He Left His Cat With Mom, Allegedly Plowed Into Crowd

What we know about James Alex Fields Jr.
By Kate Seamons,  Newser Staff
Posted Aug 13, 2017 2:27 PM CDT
Driver Accused of Plowing Into Crowd 'Infatuated' With Nazis
In this Saturday, Aug. 12, 2017 photo, James Alex Fields Jr., second from left, holds a black shield in Charlottesville, Va., where a white supremacist rally took place.    (Alan Goffinski AP)

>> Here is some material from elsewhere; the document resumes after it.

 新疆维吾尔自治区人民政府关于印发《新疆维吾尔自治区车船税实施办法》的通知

James Alex Fields Jr. has been charged with second-degree murder among other crimes after allegedly plowing his silver Dodge Challenger into a crowd of counter-protesters in Charlottesville, Virginia, Saturday, and killing 32-year-old Heather Heyer in the process. What we know about Fields:

  • The 20-year-old from Maumee, Ohio, was photographed earlier Saturday with Vanguard America, a white supremacist, neo-Nazi group that the Guardian reports dresses in white polo shirts and khakis. The New York Times reports Vanguard America denied Fields is in any way a member and tweeted that wearing a white shirt does "not denote membership ... The shirts were freely handed out to anyone in attendance."
  • Fields' mother, Samantha Bloom, spoke to the AP Saturday night and said that she was aware her son was headed to Virginia for a rally, but didn't know it was a white supremacist rally. "I thought it had something to do with Trump. Trump's not a white supremacist." She continued, "He had an African-American friend so..." then trailed off.

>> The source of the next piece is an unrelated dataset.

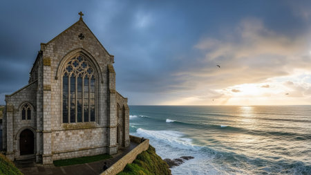 Panoramic view of the ocean and the Church of St. Francis of Assisi at sunset, Cornwall, UK

  • Fields and his mother had recently moved to Ohio from northern Kentucky, and one of his former teachers there recalls his experience with Fields to WPCO. Randall K. Cooper High School history teacher Derek Weimer says Fields "was very infatuated with the Nazis, with Adolf Hitler. He also had a huge military history, especially with German military history and World War II."
  • Bloom told the Toledo Blade her son moved into his own place in Maumee "five or six months ago" but texted her Friday to say he had left his cat at her apartment before heading to Virginia. One of Bloom's neighbors said she hadn't seen Fields' car recently, and says when she previously did see him he often had polka music blaring from the car.
  • The Times cites military records that show Fields enrolled in the Army on Aug. 18, 2015, but "his period of active duty concluded" just shy of four months later; it reports the reason why is unclear.